Also I tend to agree about the length -- I think the "safe working with uninit memory" can be shortened, and I am not sure if a survey of all sources of uninit memory in Rust is the best approach here. My thinking was that the post would explain mem::uninit (that can come nicely after the safe section, basically as a way to "trick" the "overly strict" static checks described in the safe section), and how its wrong, and then how MaybeUninit saves the day

RalfJ (May 17 2019 at 17:31, on Zulip):

the fact that it is a union shouldnt matter

Gankro (May 17 2019 at 17:40, on Zulip):

I wasn't sure if the "can change value" thing was a concensus semantic (or if that was undef vs poison)

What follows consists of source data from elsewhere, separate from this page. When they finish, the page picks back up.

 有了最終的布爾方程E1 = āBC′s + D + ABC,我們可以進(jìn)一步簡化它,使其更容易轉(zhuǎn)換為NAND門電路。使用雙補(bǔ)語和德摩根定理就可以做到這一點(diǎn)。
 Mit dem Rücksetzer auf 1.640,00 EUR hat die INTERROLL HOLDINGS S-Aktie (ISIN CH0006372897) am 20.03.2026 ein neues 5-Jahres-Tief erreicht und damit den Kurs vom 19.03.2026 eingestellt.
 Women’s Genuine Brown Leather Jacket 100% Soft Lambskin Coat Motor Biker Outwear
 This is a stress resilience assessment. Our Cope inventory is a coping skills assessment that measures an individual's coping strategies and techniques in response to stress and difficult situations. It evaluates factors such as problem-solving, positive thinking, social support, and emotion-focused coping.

Gankro (May 17 2019 at 17:41, on Zulip):

but that's a good point on memcopying

Gankro (May 17 2019 at 17:41, on Zulip):

also idk, in my mind it's very interesting that it's just "yo use a union" and not like "ah we made this brilliant new thing that's magic"

RalfJ (May 17 2019 at 17:43, on Zulip):

I wasn't sure if the "can change value" thing was a concensus semantic (or if that was undef vs poison)

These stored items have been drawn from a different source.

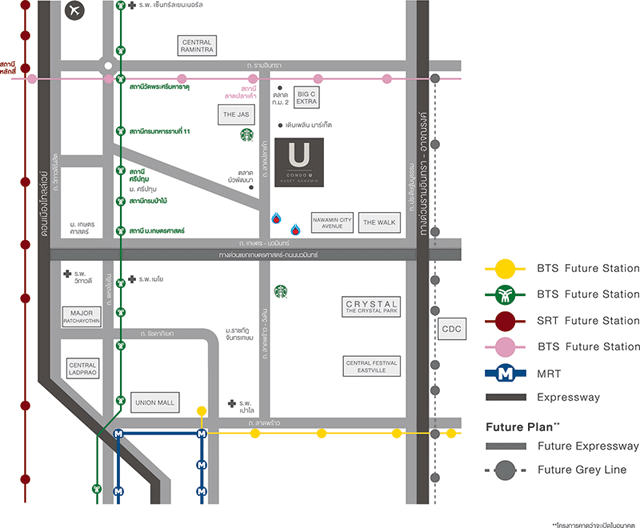 (คลิกดูภาพขนาดใหญ่)แผนที่โครงการคอนโด ยู เกษตร นวมินทร์
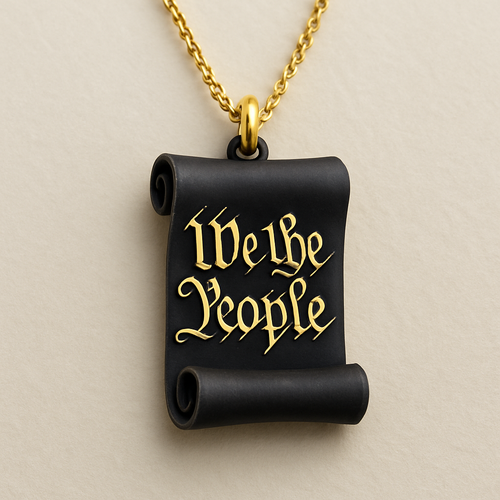 A straw pendant designed to look like the constitution rolled up. Black with gold inlay that says “We the people” in the...
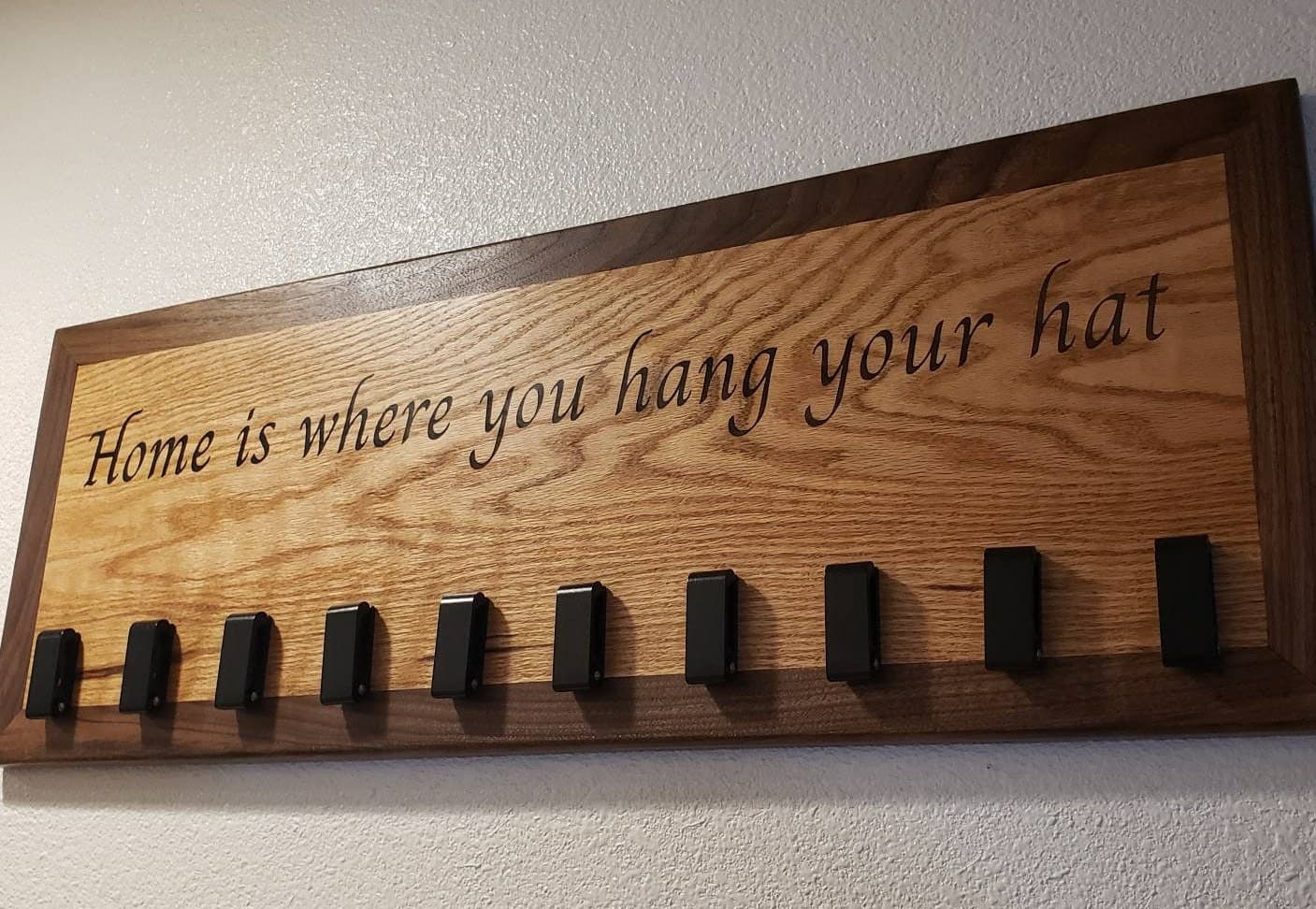 These beautiful Hat hangers are constructed from a Oak ply that has been framed in by Walnut strips. The walnut strips are Mitered on each corner. We added a roundover to all the edges to give the hanger a lighter touch.

undef has it and poison makes it not observable

RalfJ (May 17 2019 at 17:43, on Zulip):

so yes I'd say it is pretty much consesus

RalfJ (May 17 2019 at 17:44, on Zulip):

I mean this is but one way to explain the three-valued-bit thing

RalfJ (May 17 2019 at 17:45, on Zulip):

the other is to just say "it is special and not like any initialized memory, hence -> bits have three states"

RalfJ (May 17 2019 at 17:46, on Zulip):

also idk, in my mind it's very interesting that it's just "yo use a union" and not like "ah we made this brilliant new thing that's magic"

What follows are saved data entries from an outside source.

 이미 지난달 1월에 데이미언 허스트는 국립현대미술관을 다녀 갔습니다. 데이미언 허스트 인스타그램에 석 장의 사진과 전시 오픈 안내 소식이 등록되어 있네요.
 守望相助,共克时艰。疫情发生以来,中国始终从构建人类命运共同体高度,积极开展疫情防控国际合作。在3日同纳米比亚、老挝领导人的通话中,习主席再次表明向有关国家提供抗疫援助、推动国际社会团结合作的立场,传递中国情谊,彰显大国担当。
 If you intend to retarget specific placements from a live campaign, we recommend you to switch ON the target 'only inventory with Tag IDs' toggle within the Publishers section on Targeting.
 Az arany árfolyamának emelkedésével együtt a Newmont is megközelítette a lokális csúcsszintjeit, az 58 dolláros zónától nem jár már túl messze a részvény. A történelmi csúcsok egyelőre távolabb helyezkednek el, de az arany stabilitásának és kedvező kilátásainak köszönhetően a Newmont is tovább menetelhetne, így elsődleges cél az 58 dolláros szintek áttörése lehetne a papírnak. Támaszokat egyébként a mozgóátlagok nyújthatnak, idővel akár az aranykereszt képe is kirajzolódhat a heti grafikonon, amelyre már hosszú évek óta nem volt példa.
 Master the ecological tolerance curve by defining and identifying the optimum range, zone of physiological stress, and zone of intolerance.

it is interesting, but I think when using MaybeUninit one should generally treat it as an opaque abstraction, and hence it should be possible to explain it as such

RalfJ (May 17 2019 at 17:46, on Zulip):

also re: the post structure, that was just what I had in mind. maybe other structures work better. I guess I am curious why you chose yours :)

Gankro (May 17 2019 at 17:49, on Zulip):

I just wrote it from the perspective of "how do I explain this to someone who has never heard of any of this"

RalfJ (May 17 2019 at 17:51, on Zulip):

I guess also your goal was different -- my goal would have been to explain "just" mem::uninit vs MaybeUninit

Gankro (May 17 2019 at 17:51, on Zulip):

How do you feel about "So as a conservative model it's reasonable to just declare that if you do anything with uninitialized memory other than just copying it around, it is Undefined Behaviour. Full stop."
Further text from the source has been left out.